**What is being asked**
Leaving out any pictures, transcribe every record exactly.

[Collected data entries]
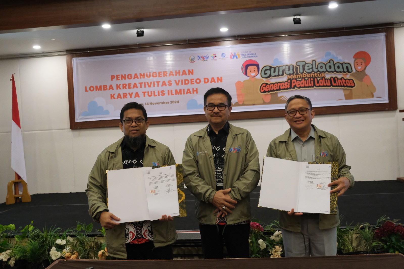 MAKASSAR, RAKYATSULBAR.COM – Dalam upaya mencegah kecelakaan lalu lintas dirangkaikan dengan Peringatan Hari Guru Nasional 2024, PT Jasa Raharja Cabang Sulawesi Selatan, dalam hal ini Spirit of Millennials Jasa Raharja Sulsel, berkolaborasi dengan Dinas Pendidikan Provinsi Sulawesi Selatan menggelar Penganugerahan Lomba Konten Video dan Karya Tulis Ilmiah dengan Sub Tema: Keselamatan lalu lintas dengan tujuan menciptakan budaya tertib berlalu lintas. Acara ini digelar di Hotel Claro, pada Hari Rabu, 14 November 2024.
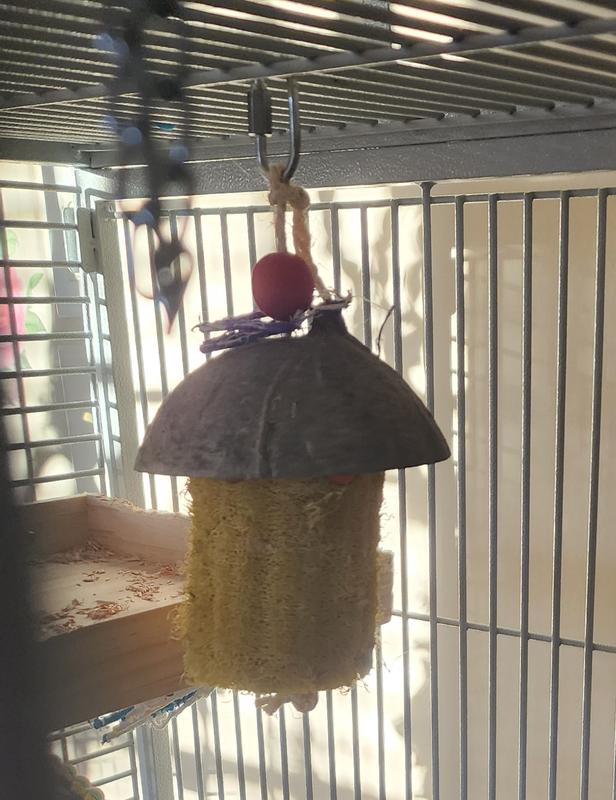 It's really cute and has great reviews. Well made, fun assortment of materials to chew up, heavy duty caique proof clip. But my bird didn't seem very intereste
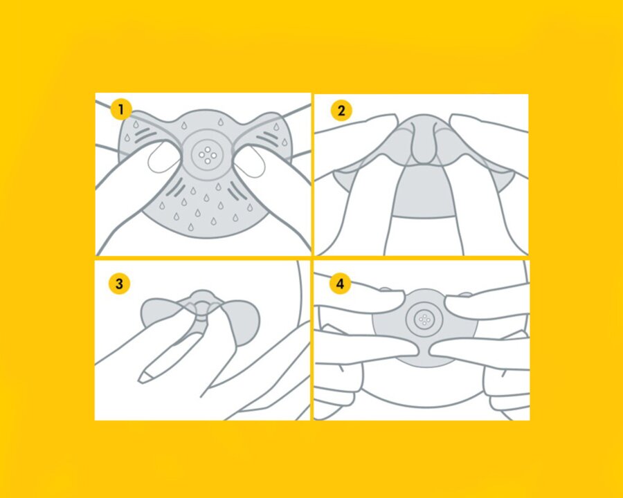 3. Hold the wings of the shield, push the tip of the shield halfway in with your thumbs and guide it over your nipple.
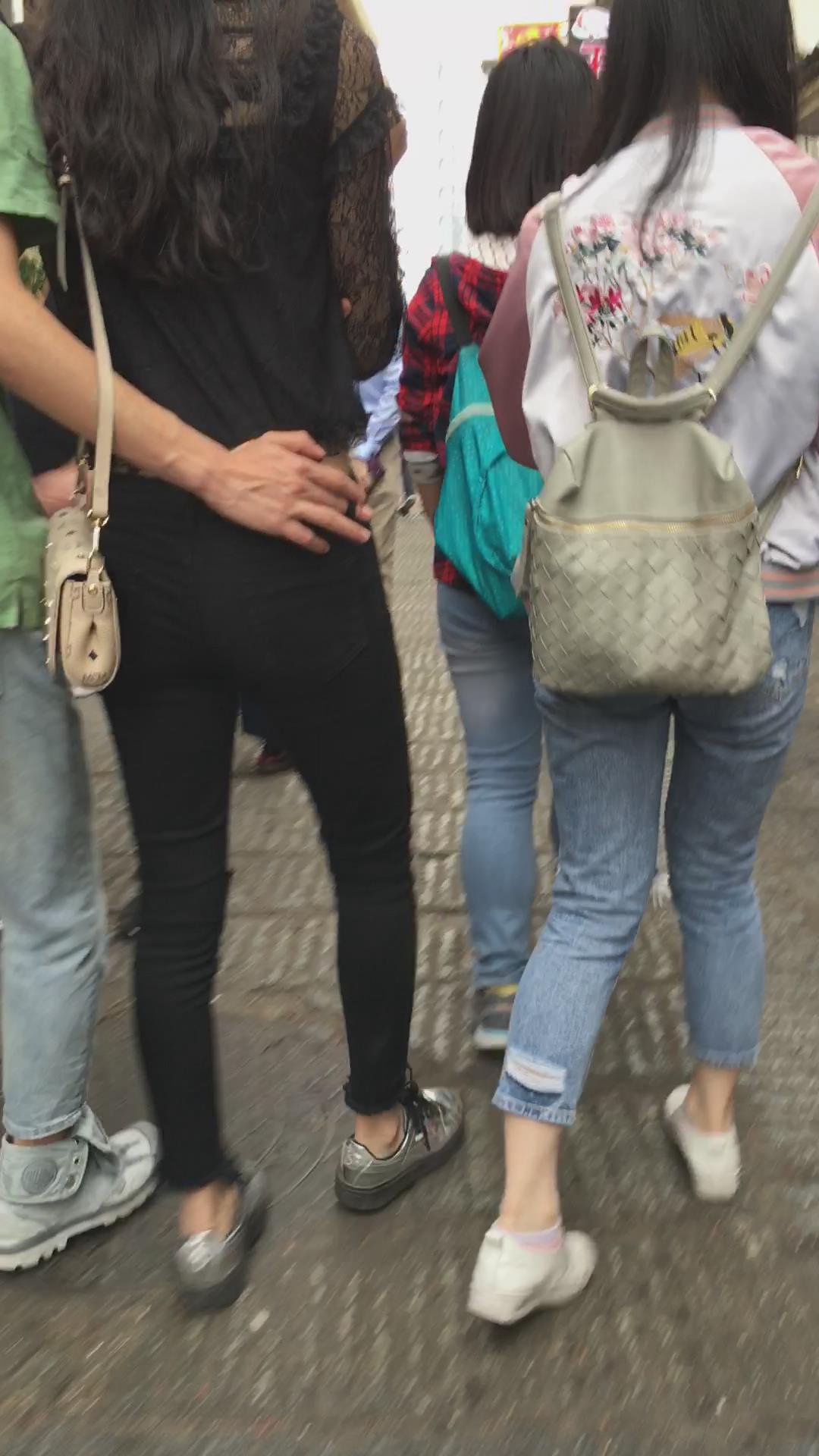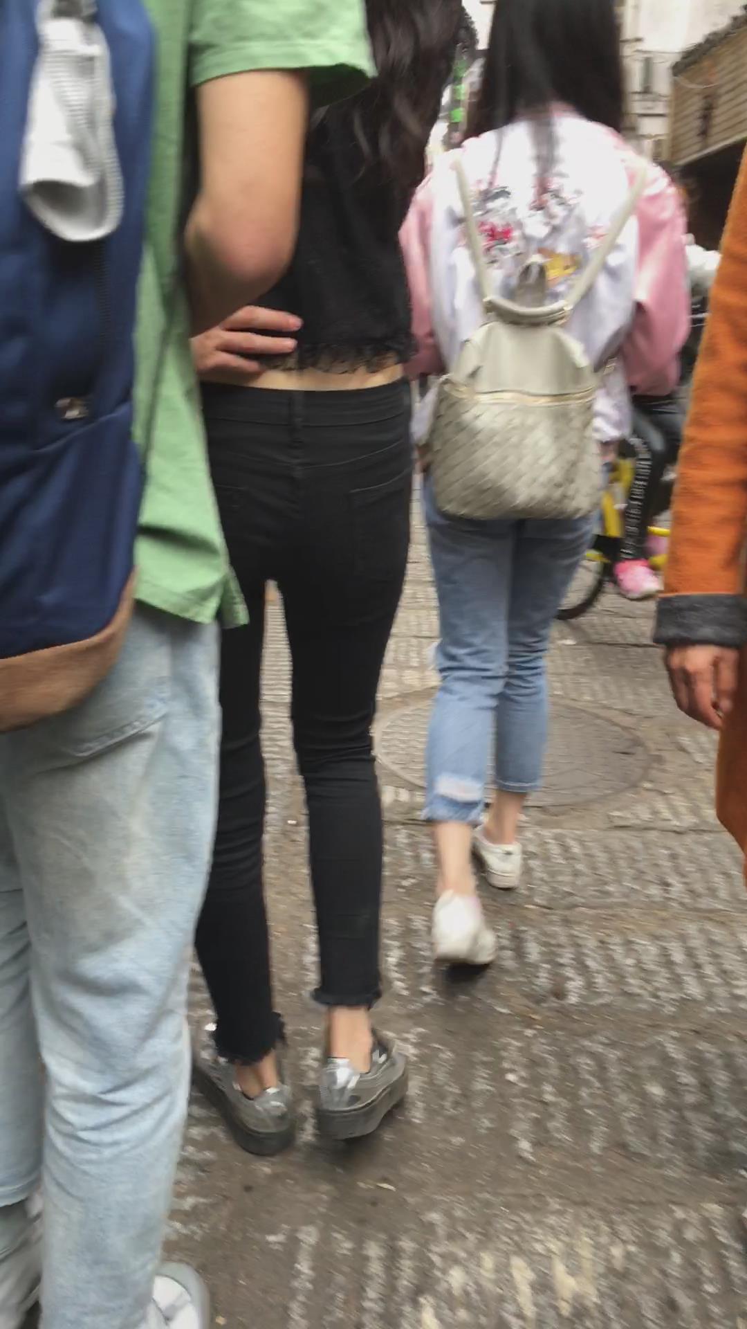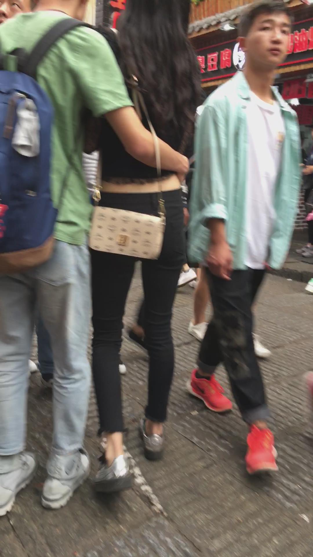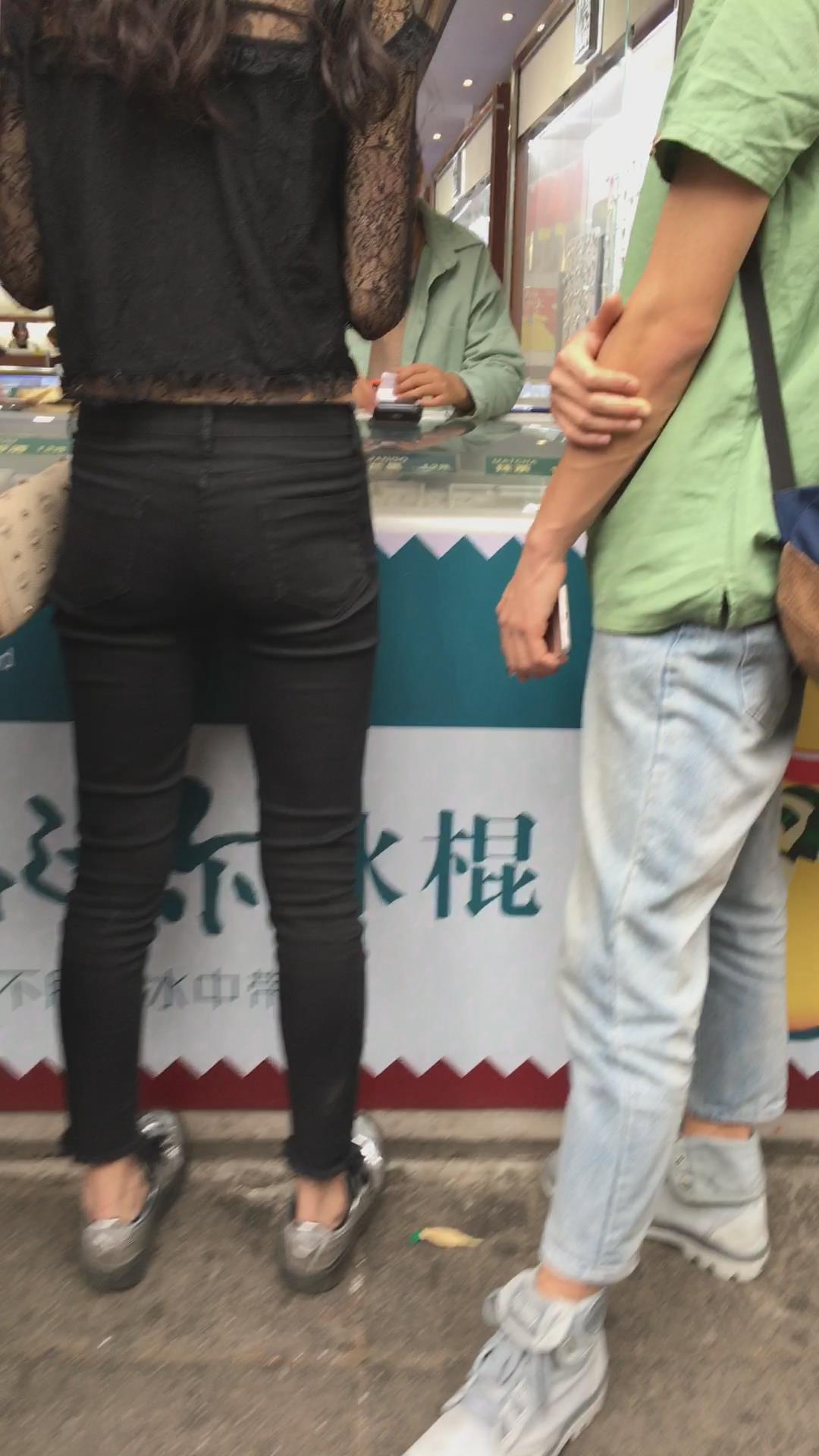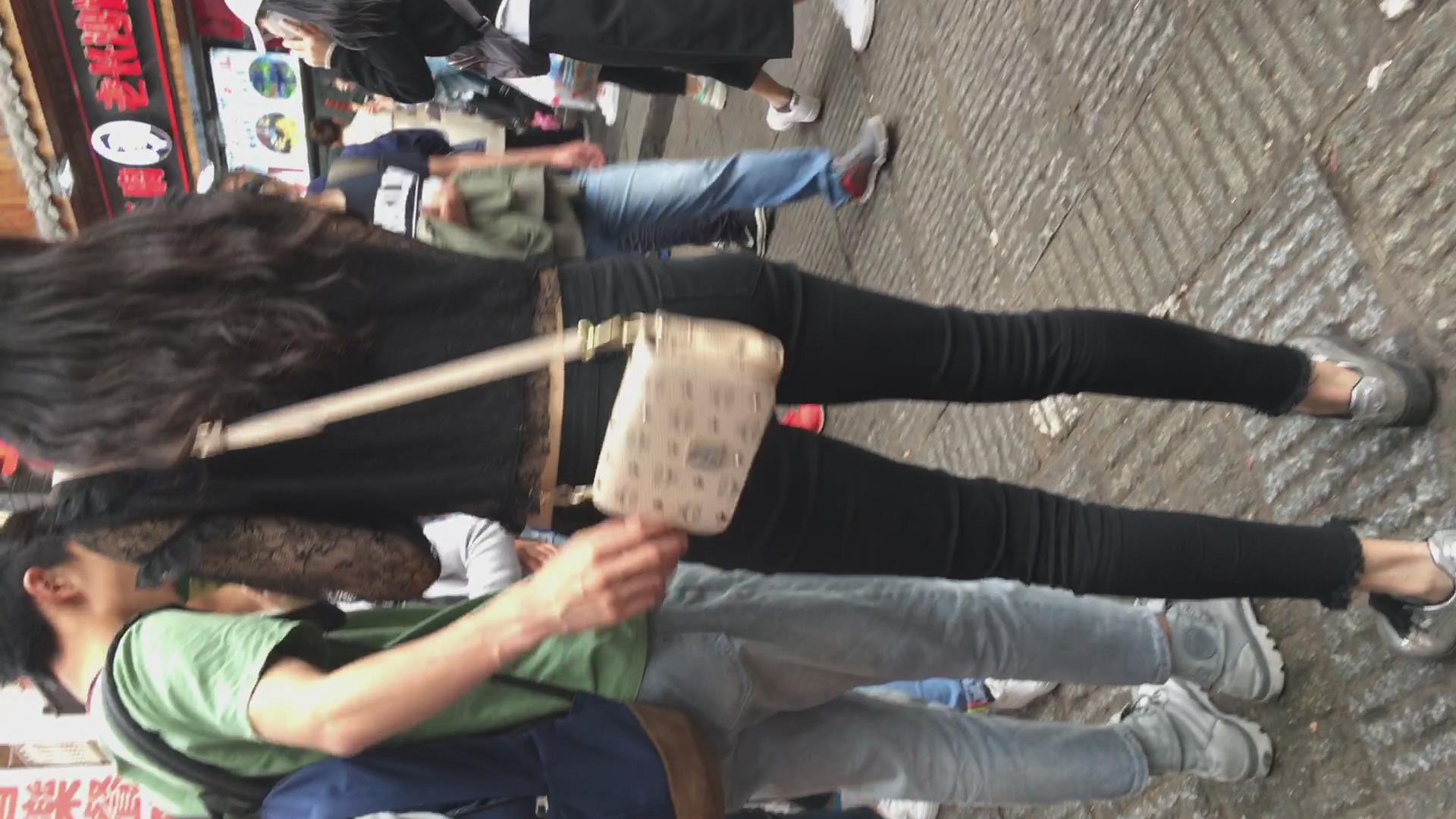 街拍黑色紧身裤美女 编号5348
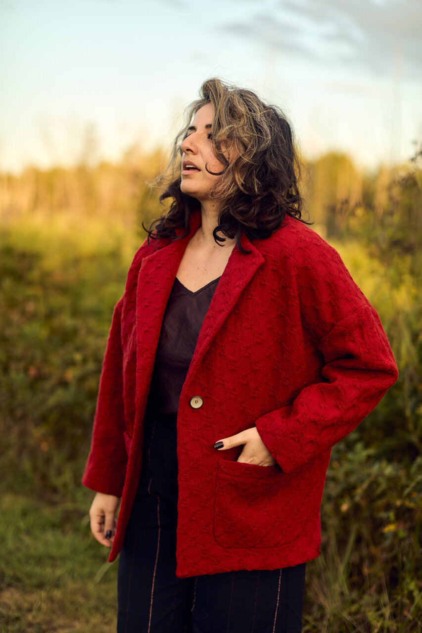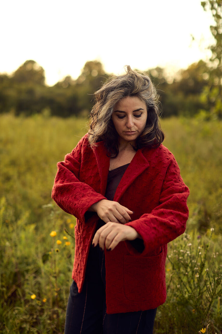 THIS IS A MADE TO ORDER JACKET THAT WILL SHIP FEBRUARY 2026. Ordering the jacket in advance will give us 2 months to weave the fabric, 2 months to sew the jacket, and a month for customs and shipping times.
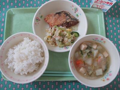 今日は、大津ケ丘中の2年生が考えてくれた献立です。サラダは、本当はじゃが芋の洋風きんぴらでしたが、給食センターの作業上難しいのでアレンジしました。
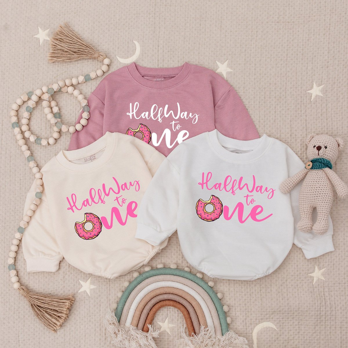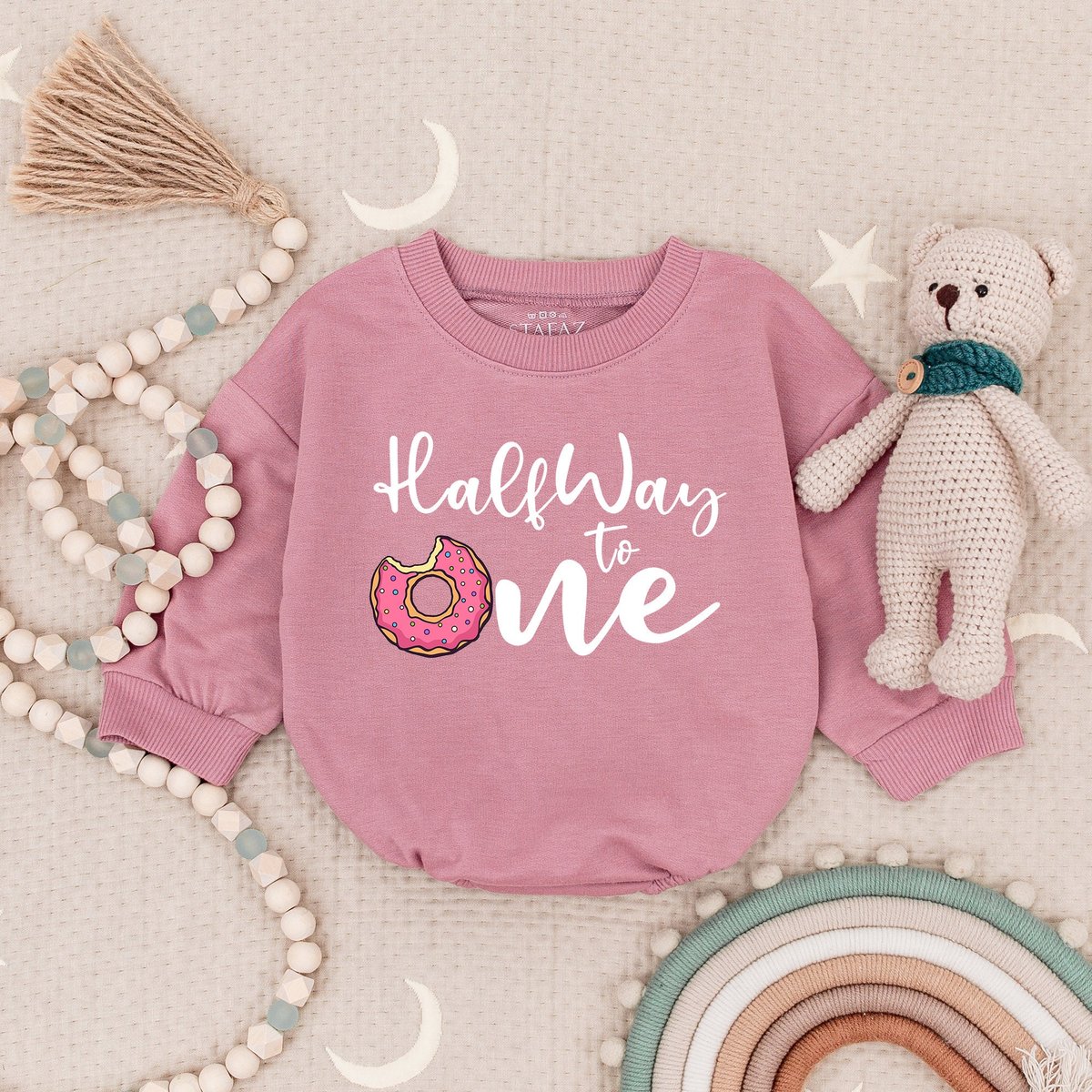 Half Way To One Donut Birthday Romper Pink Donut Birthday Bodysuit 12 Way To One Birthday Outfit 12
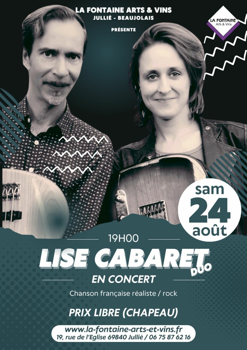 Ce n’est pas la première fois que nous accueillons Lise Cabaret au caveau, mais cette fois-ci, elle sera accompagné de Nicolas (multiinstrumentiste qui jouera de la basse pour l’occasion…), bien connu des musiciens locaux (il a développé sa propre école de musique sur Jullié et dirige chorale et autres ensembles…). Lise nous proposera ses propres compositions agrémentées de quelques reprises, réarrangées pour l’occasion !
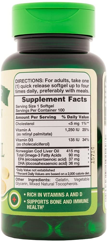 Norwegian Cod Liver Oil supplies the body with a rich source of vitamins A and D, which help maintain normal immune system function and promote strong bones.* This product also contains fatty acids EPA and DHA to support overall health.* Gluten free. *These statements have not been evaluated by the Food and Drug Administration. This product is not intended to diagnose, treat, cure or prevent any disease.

**Task response**
 MAKASSAR, RAKYATSULBAR.COM – Dalam upaya mencegah kecelakaan lalu lintas dirangkaikan dengan Peringatan Hari Guru Nasional 2024, PT Jasa Raharja Cabang Sulawesi Selatan, dalam hal ini Spirit of Millennials Jasa Raharja Sulsel, berkolaborasi dengan Dinas Pendidikan Provinsi Sulawesi Selatan menggelar Penganugerahan Lomba Konten Video dan Karya Tulis Ilmiah dengan Sub Tema: Keselamatan lalu lintas dengan tujuan menciptakan budaya tertib berlalu lintas. Acara ini digelar di Hotel Claro, pada Hari Rabu, 14 November 2024.
 It's really cute and has great reviews. Well made, fun assortment of materials to chew up, heavy duty caique proof clip. But my bird didn't seem very intereste
 3. Hold the wings of the shield, push the tip of the shield halfway in with your thumbs and guide it over your nipple.
 街拍黑色紧身裤美女 编号5348
 THIS IS A MADE TO ORDER JACKET THAT WILL SHIP FEBRUARY 2026. Ordering the jacket in advance will give us 2 months to weave the fabric, 2 months to sew the jacket, and a month for customs and shipping times.
 今日は、大津ケ丘中の2年生が考えてくれた献立です。サラダは、本当はじゃが芋の洋風きんぴらでしたが、給食センターの作業上難しいのでアレンジしました。
 Half Way To One Donut Birthday Romper Pink Donut Birthday Bodysuit 12 Way To One Birthday Outfit 12
 Ce n’est pas la première fois que nous accueillons Lise Cabaret au caveau, mais cette fois-ci, elle sera accompagné de Nicolas (multiinstrumentiste qui jouera de la basse pour l’occasion…), bien connu des musiciens locaux (il a développé sa propre école de musique sur Jullié et dirige chorale et autres ensembles…). Lise nous proposera ses propres compositions agrémentées de quelques reprises, réarrangées pour l’occasion !
 Norwegian Cod Liver Oil supplies the body with a rich source of vitamins A and D, which help maintain normal immune system function and promote strong bones.* This product also contains fatty acids EPA and DHA to support overall health.* Gluten free. *These statements have not been evaluated by the Food and Drug Administration. This product is not intended to diagnose, treat, cure or prevent any disease.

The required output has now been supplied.